--- RECORDED DATA Enclosed Below ---

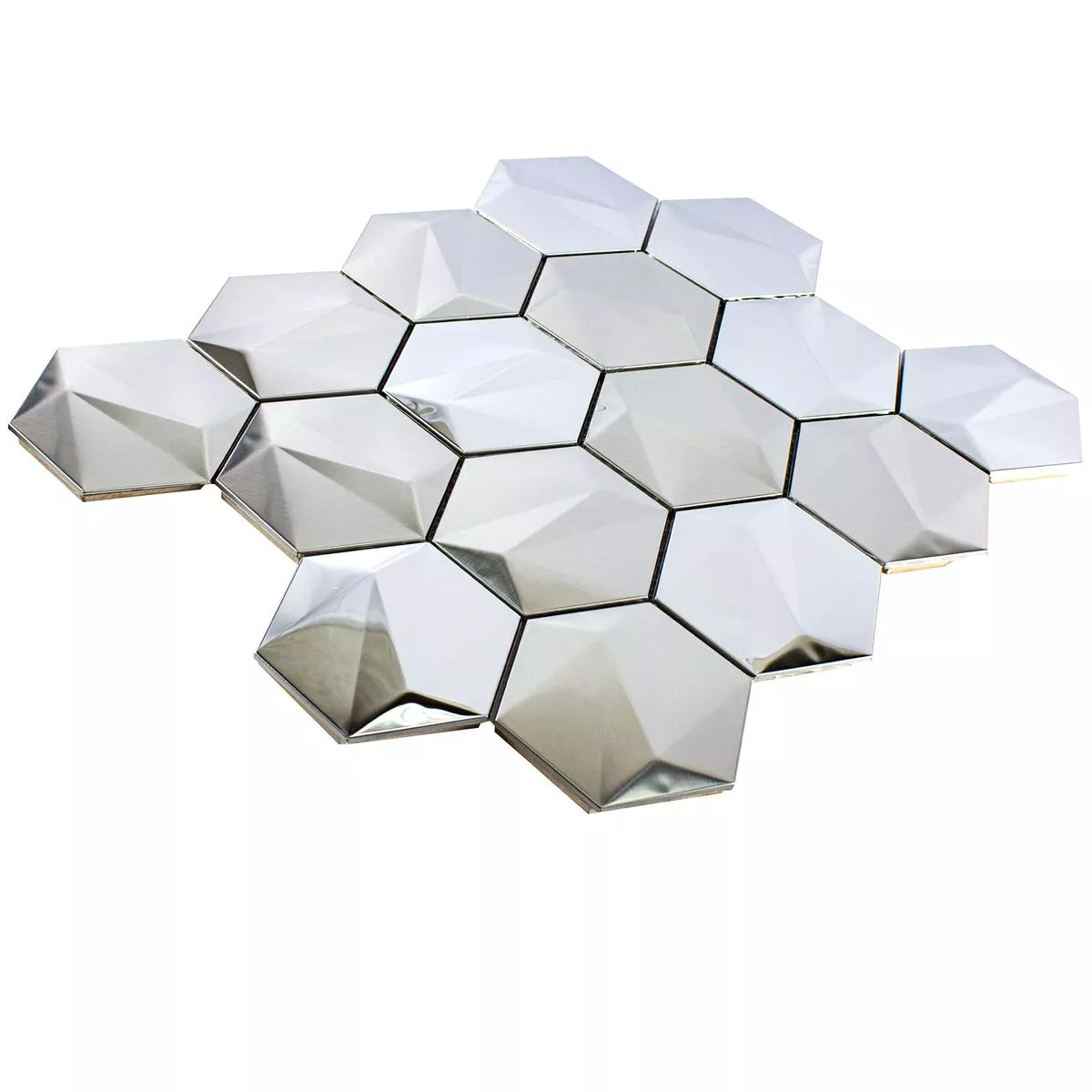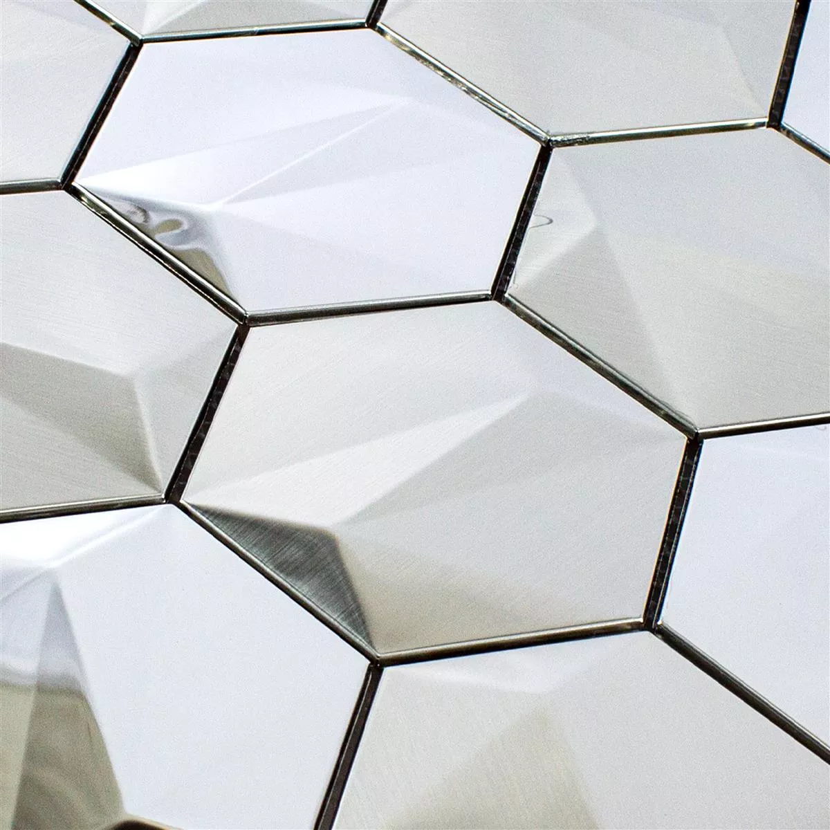 Nerezová Ocel Mozaiková Dlaždice Durango Šestiúhelník 3D Stříbrná
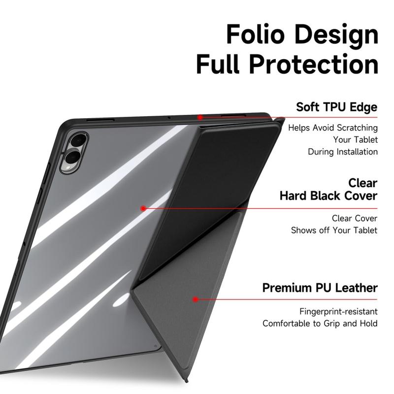 Ultra-mince : l'extérieur de l'étui, léger et doux au toucher, est fabriqué en cuir PU de première qualité, l'intérieur anti-rayures offre une excellente protection, et le cadre en TPU + le dos en PC rendent votre tablette plus stable.
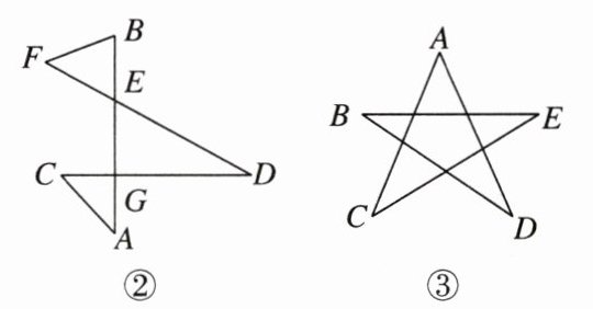 $ ^ { \circ } $.(3) 如图③, $ \angle A + \angle B + \angle C + \angle D + \angle E = $

--- End of Enclosed RECORDED DATA ---

● **TRY IT**
Copy all of the listing word for word, minus the images.

● **RESPONSE FOR THIS EXERCISE**
 Nerezová Ocel Mozaiková Dlaždice Durango Šestiúhelník 3D Stříbrná
 Ultra-mince : l'extérieur de l'étui, léger et doux au toucher, est fabriqué en cuir PU de première qualité, l'intérieur anti-rayures offre une excellente protection, et le cadre en TPU + le dos en PC rendent votre tablette plus stable.
 $ ^ { \circ } $.(3) 如图③, $ \angle A + \angle B + \angle C + \angle D + \angle E = $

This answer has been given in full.